A google for the error turned up:

Hunt for root cause

  • There’s enough free space to write files in this location.
  • I don’t use NFS; the data is on XFS
  • The previous (/var/log/prometheus/) log contains a clean startup

FIX

meta.json is empty for the recent directory, so I’ll delete.

ls -alh /var/lib/prometheus/metrics2/*/meta.json | awk '{print $5" - "$9}'
930 - /var/lib/prometheus/metrics2/01FXNNACW65B4XZ1P86W5C6MKT/meta.json
930 - /var/lib/prometheus/metrics2/01FXQK464WAPXAMHDE3RWXGCB0/meta.json
930 - /var/lib/prometheus/metrics2/01FXSGXCRGP0DE8ZQ4ZRND552C/meta.json
930 - /var/lib/prometheus/metrics2/01FXVEQ4AV8EH9EDMEKV1TRKZ3/meta.json
930 - /var/lib/prometheus/metrics2/01FXXCGMJZERBJCKVAQSYM4WCG/meta.json
930 - /var/lib/prometheus/metrics2/01FXZAA41ZAZYRHN415FE3CX56/meta.json
930 - /var/lib/prometheus/metrics2/01FY183K7PSVG2ZACXVTG6DJXM/meta.json
930 - /var/lib/prometheus/metrics2/01FY35XCQTFN1T931BT98KK99G/meta.json
930 - /var/lib/prometheus/metrics2/01FY53PVTA9NGW1YQQ9868NSTQ/meta.json
930 - /var/lib/prometheus/metrics2/01FY71GCRJF9202770248J335E/meta.json
930 - /var/lib/prometheus/metrics2/01FY8Z9TXDP194BXKEH3FAPN8P/meta.json
930 - /var/lib/prometheus/metrics2/01FYAX39CBRAX0VS7E93XZQ2FZ/meta.json
930 - /var/lib/prometheus/metrics2/01FYCTWT4M5QV6A0W1P34A02E1/meta.json
930 - /var/lib/prometheus/metrics2/01FYERPMJ38ZDN3XB4DQTNDTB9/meta.json
930 - /var/lib/prometheus/metrics2/01FYGPG00KFZRSVBV4JM9NFRRH/meta.json
930 - /var/lib/prometheus/metrics2/01FYJM9TK6TDTNQ64C399A46KZ/meta.json
930 - /var/lib/prometheus/metrics2/01FYMJ36ZTYFV09RWRYY3BN7PV/meta.json
930 - /var/lib/prometheus/metrics2/01FYPFWJRB5NAQACM4H2D8AK01/meta.json
930 - /var/lib/prometheus/metrics2/01FYRDP2N3EJ4XRPHKPXS6H49C/meta.json
930 - /var/lib/prometheus/metrics2/01FYTBFV9Q5XQ38WYF26HHKE5H/meta.json
308 - /var/lib/prometheus/metrics2/01FYV026RKCB7XRKNAGDG4ZW0D/meta.json
732 - /var/lib/prometheus/metrics2/01FYV02K8P30TVW73Y4RYZ3DH5/meta.json
308 - /var/lib/prometheus/metrics2/01FYV6XY0J1RW12NXC4FTMRDN0/meta.json
0 - /var/lib/prometheus/metrics2/01FYVDSN8KYK9SEFT6EAD7KRA6/meta.json
rm -rf /var/lib/prometheus/metrics2/01FYVDSN8KYK9SEFT6EAD7KRA6

Conclusion

I don’t think my guests are always going down cleanly at shutdown. Prometheus was compacting it’s data when KVM guest went away.

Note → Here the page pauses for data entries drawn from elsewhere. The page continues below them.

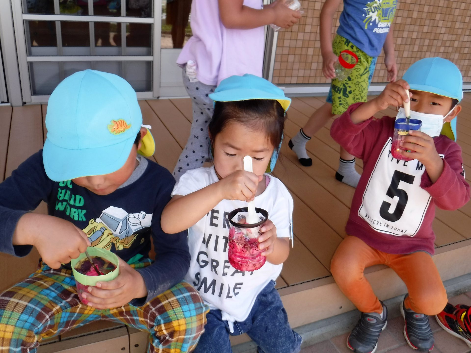 ・こいのぼり作りをとおして、自然の中であそぶ事の楽しさ、匂いや色、感触などいろいろな発見をし、面白さを体験しながら、友だち関係を深められた、素敵な1学期の思い出となりました。
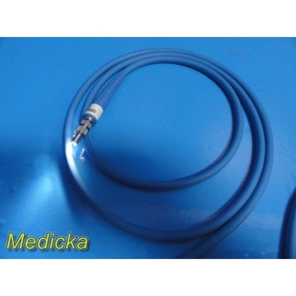 Blue fiber optic cable per manufacturer specification: Pilling® illuminator end, 3.5 mm bundle, 8 ft length, rotating instrument end. Outer jacket intact with no cuts or tears. Warning printed on cable: “Do not use for transillumination of skin — burn will result.” Cable transmits light properly.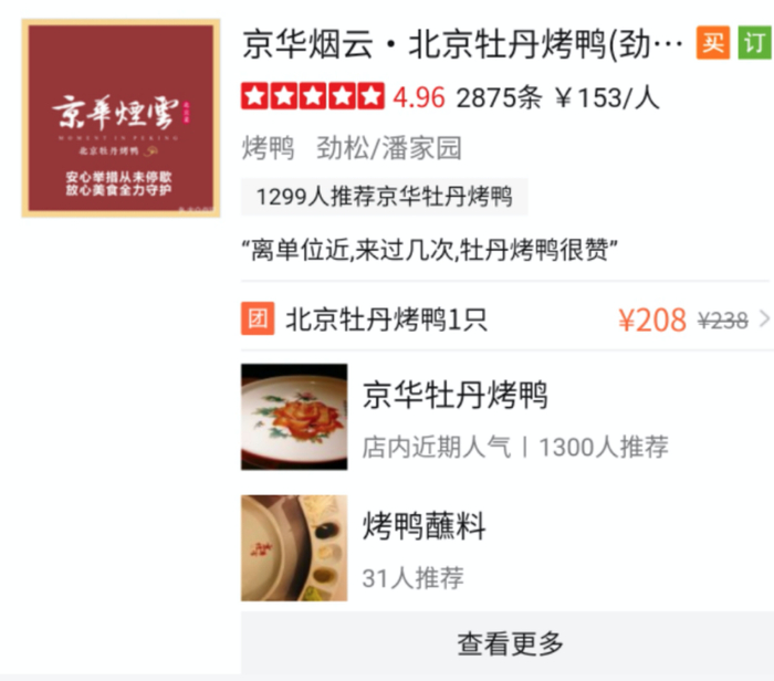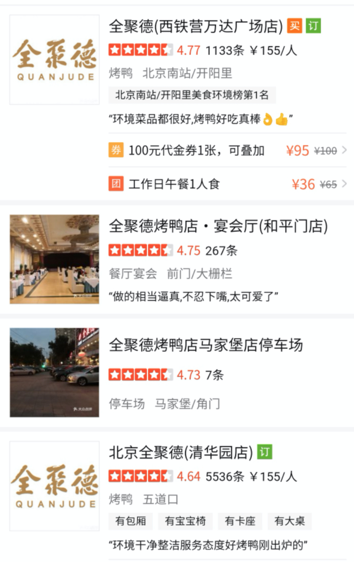 在大众点评上,排名比较靠前的是京华烟云、四季民福等店,都在4.9分以上,而全聚德排名相对靠前的西铁营万达广场店只有4.77分,并没有十分出众。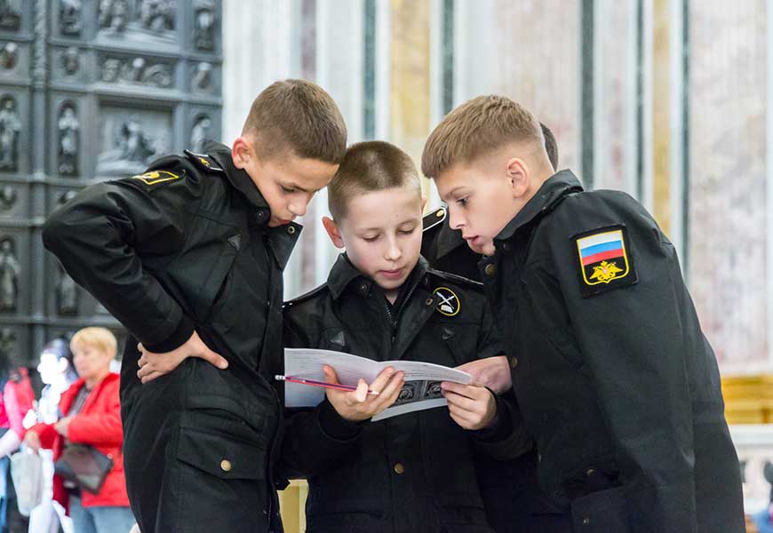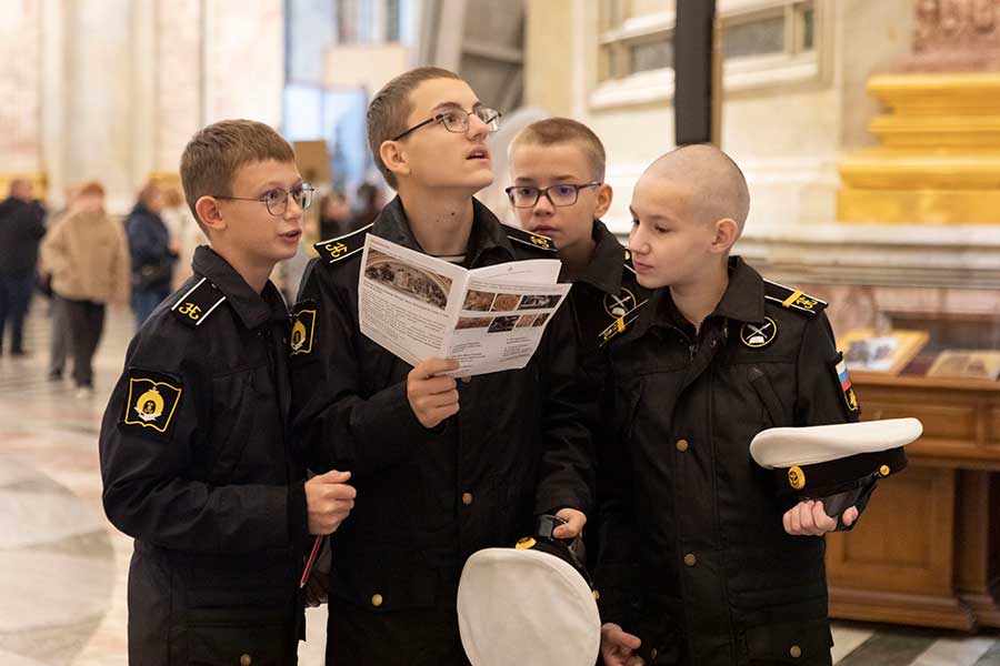 В Государственном музее «Исаакиевский собор» воспитанники седьмых классов Нахимовского военно-морского училища приняли участие в викторине «Святые защитники земли русской в убранстве Исаакиевского собора», посвященной памяти небесного покровителя Санкт-Петербурга святого благоверного князя Александра Невского.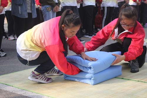 本次比赛共分48组进行,各组均由两名同学分工合作完成叠被。比赛期间,参赛选手以流畅的动作和娴熟的技巧,默契配合、沉着冷静地展示着自己的能力和风采。现场气氛热烈,掌声阵阵。最后,经过激烈的角逐,2016级王玉贞、王琳和丁卫玲、张丹阳两组同学脱颖而出,获得评委团一致好评,荣获本次比赛一等奖。
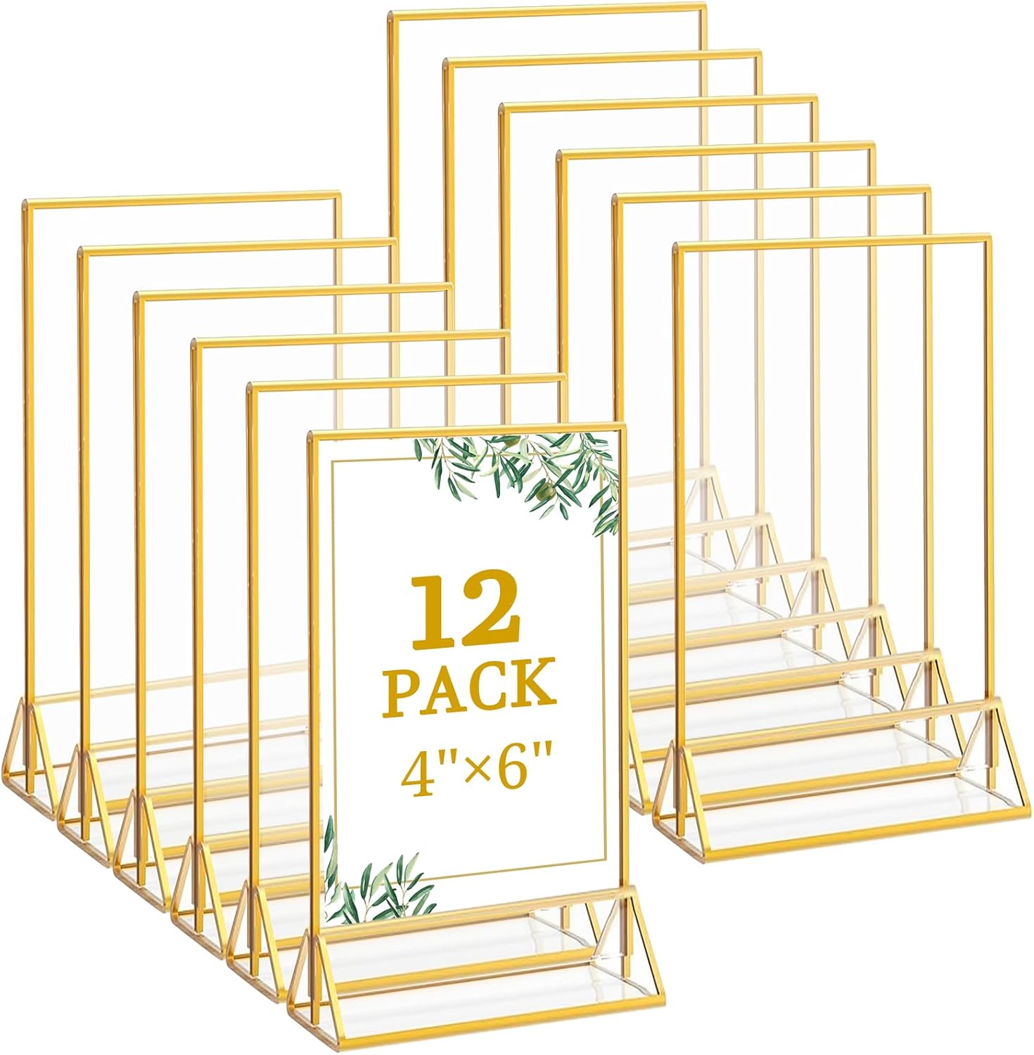 Floroom 12 Pack 4x6 Inch Clear Acrylic Sign Holders, Double-Sided Gold Display Stand Picture Frames for Table Numbers, Menus, Flyers, Weddings, and Offices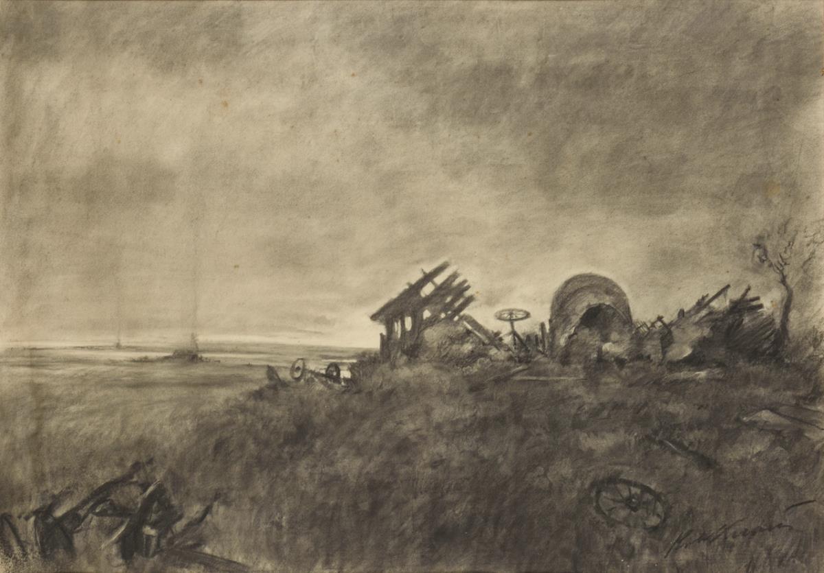 Destroyed covered wagon in a dune landscape. Slightly foxed, sheet wavy, lower left corner somewhat rubbed.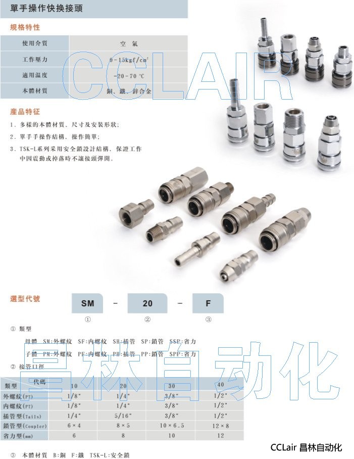 SF-20,SF-30,SF-40,SM-20,SM-30,SM-40,SH-20,SH-30,SH-40,SP-20,SP-30,SP-40,單手操作快換接頭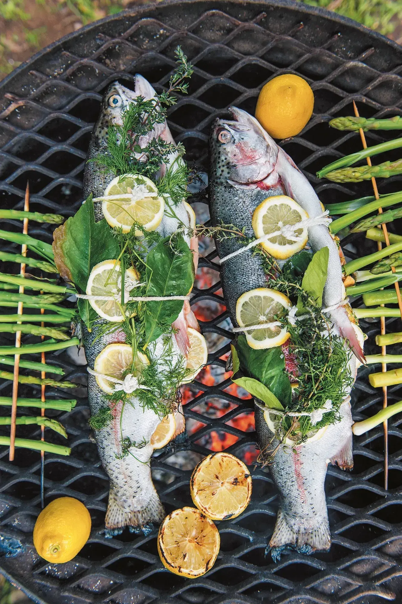 Jak odlehčit letní grilování? Vyměňte flákotu masa za rybu a přidejte také zeleninu. Grilovaný pstruh s chřestem, jarní cibulkou a bylinkami je recept snů. Plný chuti, jednoduchý na přípravu a suroviny. Užijte si léto s přáteli.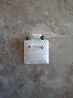 Emerald And Cubic Zirconia Earring 14 K Yellow Gold$50Hemet, CA

Looking at issue 4058, it’s noted that the code doesn’t do a sync before closing the file; it does everywhere else, and I guess this is the fix that’ll be in 2.9.0. That might have helped, though it’s a case, here, of putting on a tourniquet before shooting oneself in a foot.